---------- THE DATA ----------

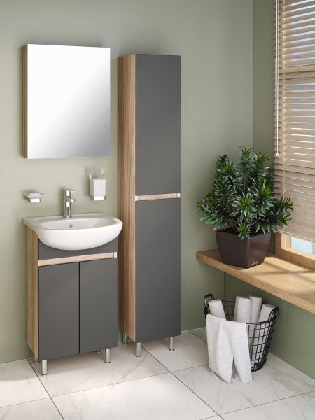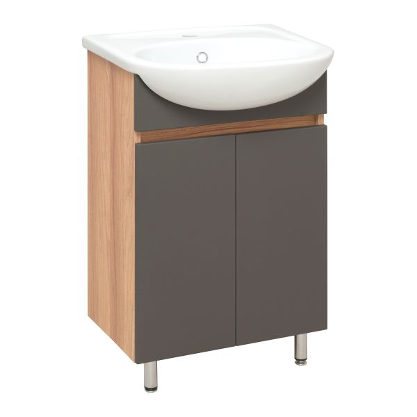 Тумба с раковиной RUNO ЛАДА - модное и оригинальное решение для бюджетного оснащения ванной комнаты. Тумба под раковину ЛАДА (напольная) выполнена в двух цветах - классическом белом и в стильном цвете - графит/серый дуб . Тумба в ванную имеет две распашные дверцы и одну внутреннюю полку. В комплекте идут петли со встроенным доводчиком, 2 хромированные и 2 пластиковые ножки. Тумба для ванной комплектуется керамической раковиной "Уют" (500*420 мм). Раковина имеет глубину 18 см. Мебель для ванной RUNO - красота и практичность в мелочах!
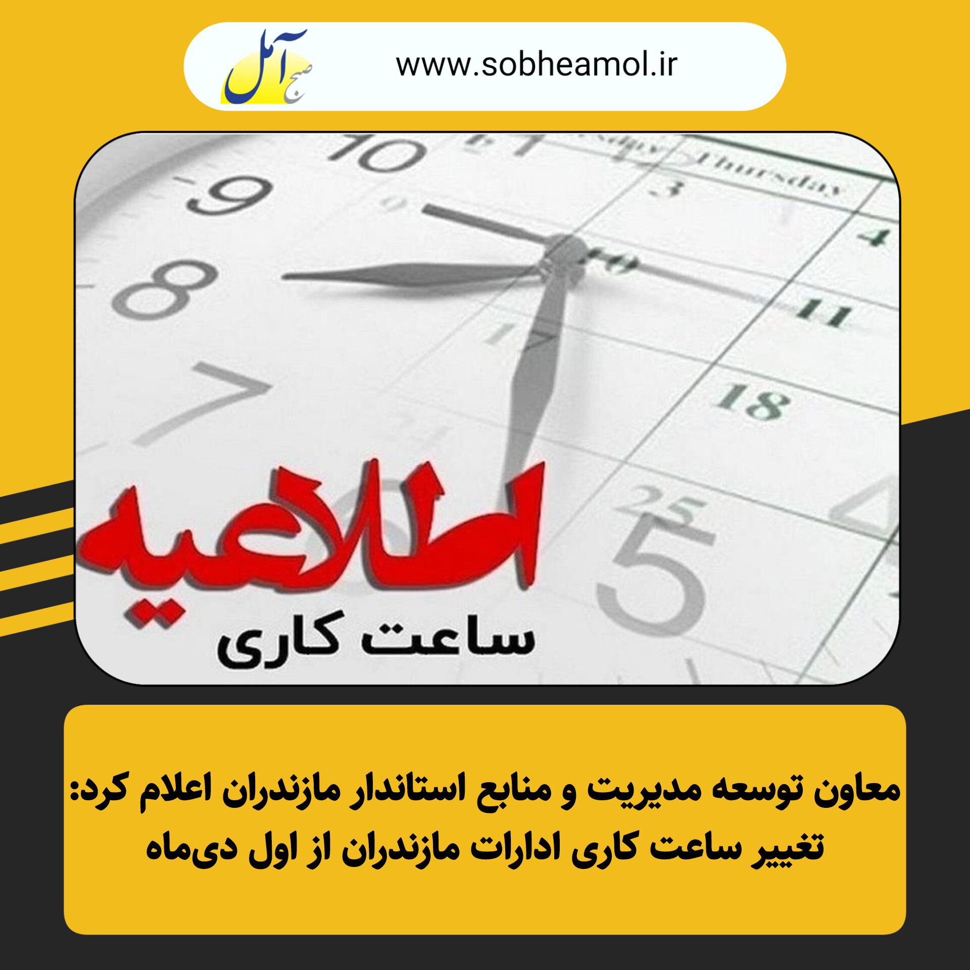 معاون استاندار مازندران، طی بخشنامهای به دستگاههای اجرایی استان، از تغییر ساعت کاری ادارات خبر دادند.
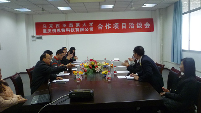 3月16日上午,马来西亚泰莱大学与重庆创思特科技有限公司合作项目洽谈会在创思特公司会议室举行。马来西亚泰莱大学主任林纪频女士,马来西亚沙巴艺术学院董事长拿督杨忠勇博士,重庆创思特科技有限公司执行董事王成玮先生、常务副总经理黄晓林先生、KY开元副校长黎明教授、校长助理白成良教授、行政主管游祥国先生,及相关工作人员出席了此次会议。洽谈会由创思特行政主管游祥国主持。
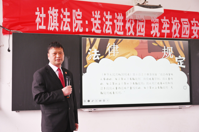 为深入贯彻落实总体国家安全观,进一步提升青少年国家安全意识和法治素养,4月15日,在第十一个全民国家安全教育日,社旗县人民法院赊店法庭负责人吴志浩一行走进社旗县第四初级中学开展“送法进校园”活动,以司法力量守护校园安全,为青少年健康成长保驾护航。

----------

The pictures stay out; copy the rest of the data word for word.

 Тумба с раковиной RUNO ЛАДА - модное и оригинальное решение для бюджетного оснащения ванной комнаты. Тумба под раковину ЛАДА (напольная) выполнена в двух цветах - классическом белом и в стильном цвете - графит/серый дуб . Тумба в ванную имеет две распашные дверцы и одну внутреннюю полку. В комплекте идут петли со встроенным доводчиком, 2 хромированные и 2 пластиковые ножки. Тумба для ванной комплектуется керамической раковиной "Уют" (500*420 мм). Раковина имеет глубину 18 см. Мебель для ванной RUNO - красота и практичность в мелочах!
 معاون استاندار مازندران، طی بخشنامهای به دستگاههای اجرایی استان، از تغییر ساعت کاری ادارات خبر دادند.
 3月16日上午,马来西亚泰莱大学与重庆创思特科技有限公司合作项目洽谈会在创思特公司会议室举行。马来西亚泰莱大学主任林纪频女士,马来西亚沙巴艺术学院董事长拿督杨忠勇博士,重庆创思特科技有限公司执行董事王成玮先生、常务副总经理黄晓林先生、KY开元副校长黎明教授、校长助理白成良教授、行政主管游祥国先生,及相关工作人员出席了此次会议。洽谈会由创思特行政主管游祥国主持。
 为深入贯彻落实总体国家安全观,进一步提升青少年国家安全意识和法治素养,4月15日,在第十一个全民国家安全教育日,社旗县人民法院赊店法庭负责人吴志浩一行走进社旗县第四初级中学开展“送法进校园”活动,以司法力量守护校园安全,为青少年健康成长保驾护航。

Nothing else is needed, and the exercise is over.